Abstract

The Antarcticycas plant is reconstructed from the co-occurring vegetative organ taxa Antarcticycas schopfii and Yelchophyllum omegapetiolaris and the pollen cone taxon Delemaya spinulosa from permineralized peat of the Fremouw Formation, early Middle Triassic of Antarctica. The association of the organs in the same deposit, assignment of each taxon to Cycadales, and histological features shared among the taxa suggest they were all produced by the same plant. The Antarcticycas plant is reconstructed as a small plant, possibly with a subterranean stem; it was probably similar in habit to small-stemmed species of extant Zamia. Antarcticycas stems are inferred to exhibit apical rather than axillary branching based on reinterpretation of type material that shows a branching axis accompanied by anatomy indicative of the presence of cone domes when observed in extant cycads.

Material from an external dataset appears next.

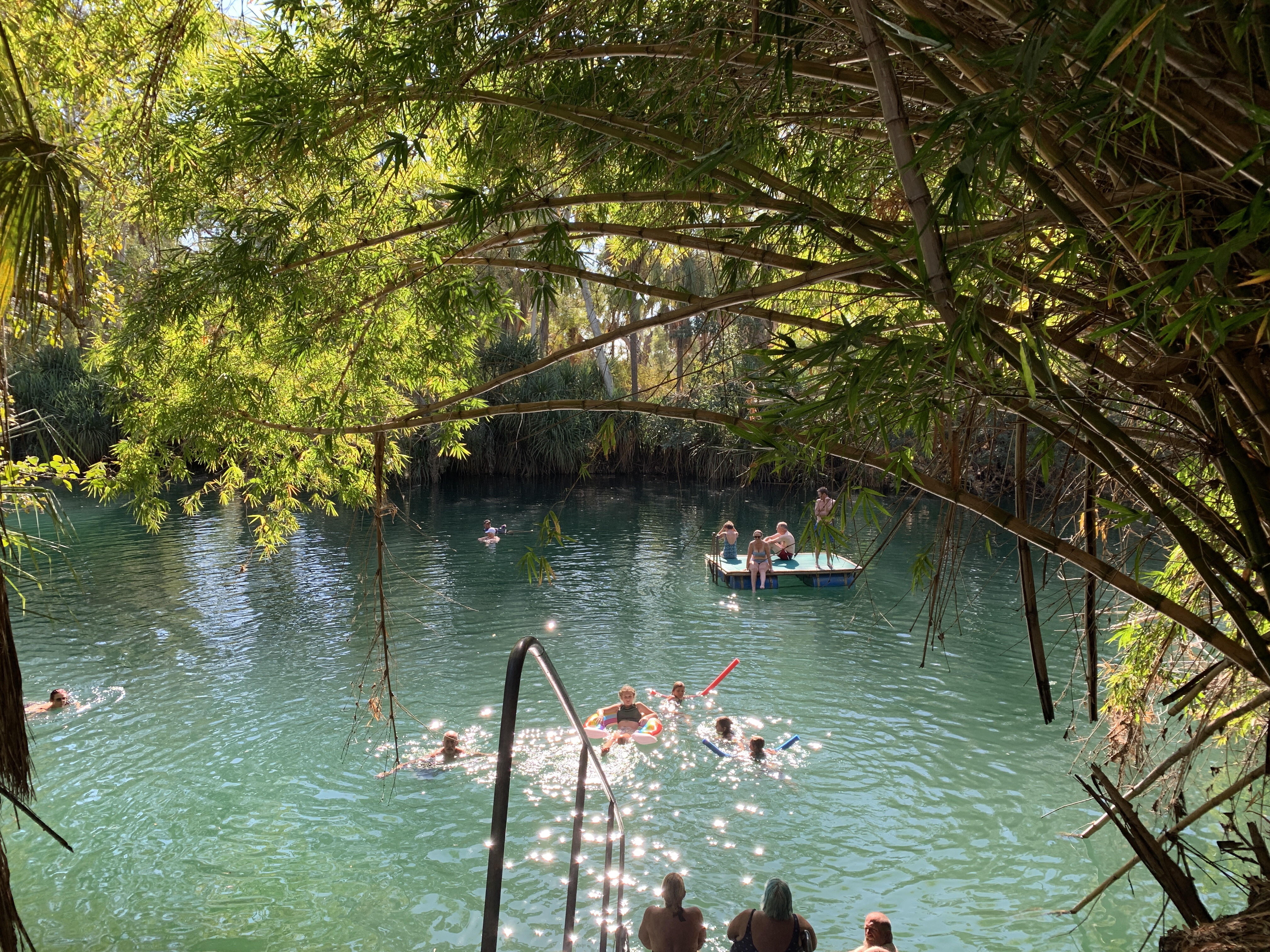 We needed gas so ran around to all the service stations in town, none of whom had any small bottles, only to end up back at the Emerald Cabin & Caravan Park where we stayed the other night. They fill gas bottles and we were able to get our filled for $18.

The presence of a bulbil on one specimen indicates that branching also took place through adventitious budding. The Antarcticycas plant is similar in its anatomy to extant cycads, although contractile tissue and coralloid roots have yet to be identified and may not have been present in the fossil plant. The plant inhabited a warm temperate polar habitat with protracted periods of winter darkness for which there is no modern equivalent. Evidence for deciduousness in this taxon, previously suggested as a possible adaptation to its warm, light-limited environment, is equivocal. The possibilities that fire played a role in the Fremouw peat ecosystem and that the Antarcticycas plant may have been insect pollinated are explored.